**PROBLEM TO SOLVE:**
From the listing below, reproduce word for word the part that opens with the line containing "I miejsce - Biedronka żerująca na mszycach" and closes with the line containing "Na szkiecach należy"; reproduce nothing else.

**TASK INPUTS:**
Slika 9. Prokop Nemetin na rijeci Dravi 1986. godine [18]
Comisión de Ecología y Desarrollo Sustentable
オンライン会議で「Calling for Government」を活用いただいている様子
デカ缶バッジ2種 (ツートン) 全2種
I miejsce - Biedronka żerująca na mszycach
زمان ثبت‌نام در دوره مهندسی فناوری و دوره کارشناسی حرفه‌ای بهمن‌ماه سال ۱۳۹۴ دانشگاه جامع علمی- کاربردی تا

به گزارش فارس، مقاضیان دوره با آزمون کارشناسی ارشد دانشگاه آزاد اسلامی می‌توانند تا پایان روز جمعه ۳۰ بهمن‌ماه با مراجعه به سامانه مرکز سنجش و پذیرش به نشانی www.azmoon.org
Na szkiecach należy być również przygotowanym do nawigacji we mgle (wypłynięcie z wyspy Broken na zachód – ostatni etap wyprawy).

* * *

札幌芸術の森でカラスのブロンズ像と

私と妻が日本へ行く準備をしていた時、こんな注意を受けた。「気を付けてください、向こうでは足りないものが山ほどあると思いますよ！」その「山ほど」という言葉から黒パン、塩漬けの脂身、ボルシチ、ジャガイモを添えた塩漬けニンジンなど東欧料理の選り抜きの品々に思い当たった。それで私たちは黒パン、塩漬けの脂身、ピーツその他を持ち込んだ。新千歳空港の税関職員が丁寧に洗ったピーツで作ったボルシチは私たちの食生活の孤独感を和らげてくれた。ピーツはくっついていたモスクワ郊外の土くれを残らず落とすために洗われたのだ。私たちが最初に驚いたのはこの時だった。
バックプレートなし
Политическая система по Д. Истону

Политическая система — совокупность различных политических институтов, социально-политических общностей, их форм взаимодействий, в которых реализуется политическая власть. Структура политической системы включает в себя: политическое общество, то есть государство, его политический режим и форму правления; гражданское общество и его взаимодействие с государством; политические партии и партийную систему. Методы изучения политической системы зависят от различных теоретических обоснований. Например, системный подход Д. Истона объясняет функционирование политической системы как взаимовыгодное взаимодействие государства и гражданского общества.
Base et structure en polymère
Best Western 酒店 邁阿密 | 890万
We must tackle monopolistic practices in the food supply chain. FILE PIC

==

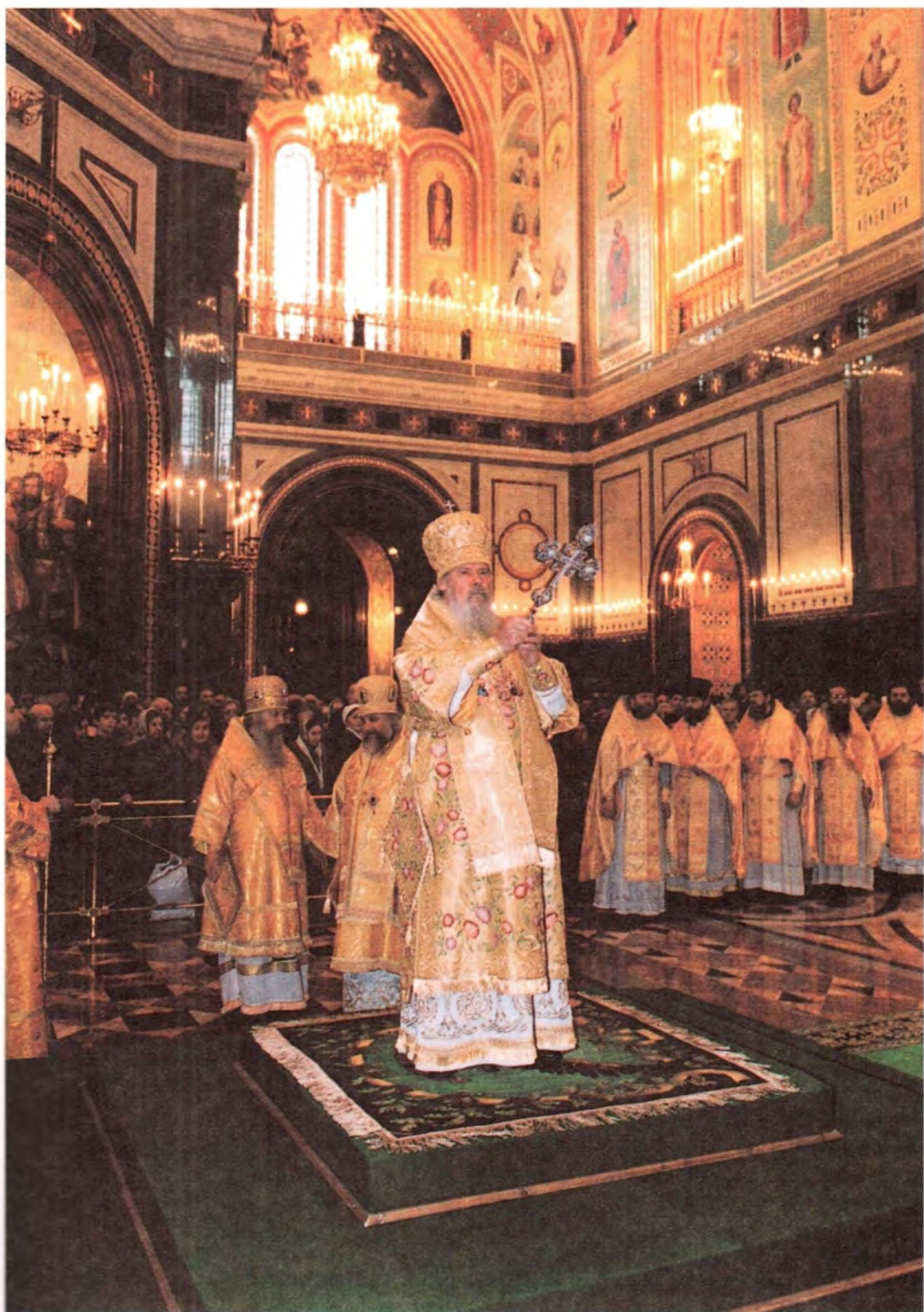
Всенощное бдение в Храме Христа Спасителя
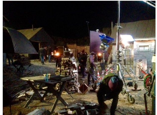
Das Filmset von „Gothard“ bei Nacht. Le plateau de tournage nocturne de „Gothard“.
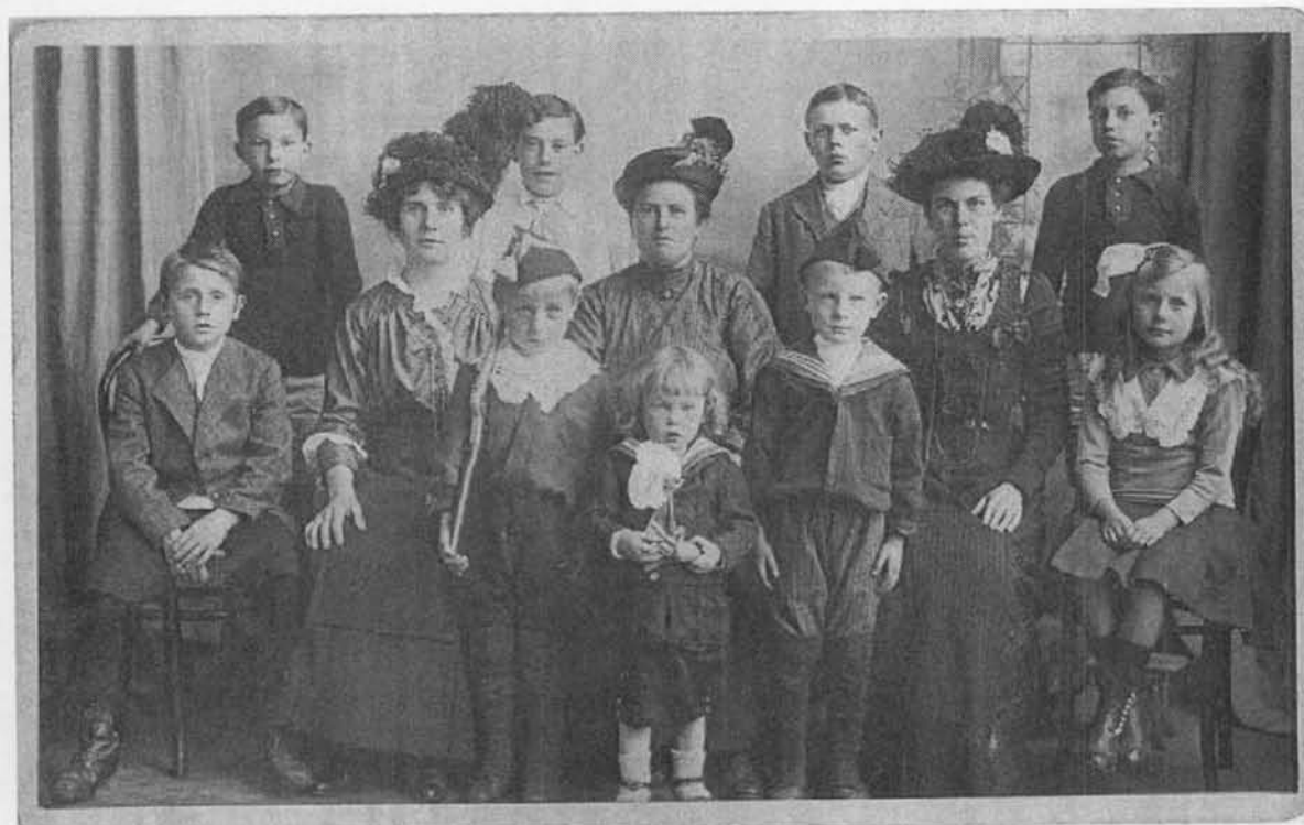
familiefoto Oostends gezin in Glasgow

**SOLVED EXERCISE:**
I miejsce - Biedronka żerująca na mszycach
زمان ثبت‌نام در دوره مهندسی فناوری و دوره کارشناسی حرفه‌ای بهمن‌ماه سال ۱۳۹۴ دانشگاه جامع علمی- کاربردی تا

به گزارش فارس، مقاضیان دوره با آزمون کارشناسی ارشد دانشگاه آزاد اسلامی می‌توانند تا پایان روز جمعه ۳۰ بهمن‌ماه با مراجعه به سامانه مرکز سنجش و پذیرش به نشانی www.azmoon.org
Na szkiecach należy być również przygotowanym do nawigacji we mgle (wypłynięcie z wyspy Broken na zachód – ostatni etap wyprawy).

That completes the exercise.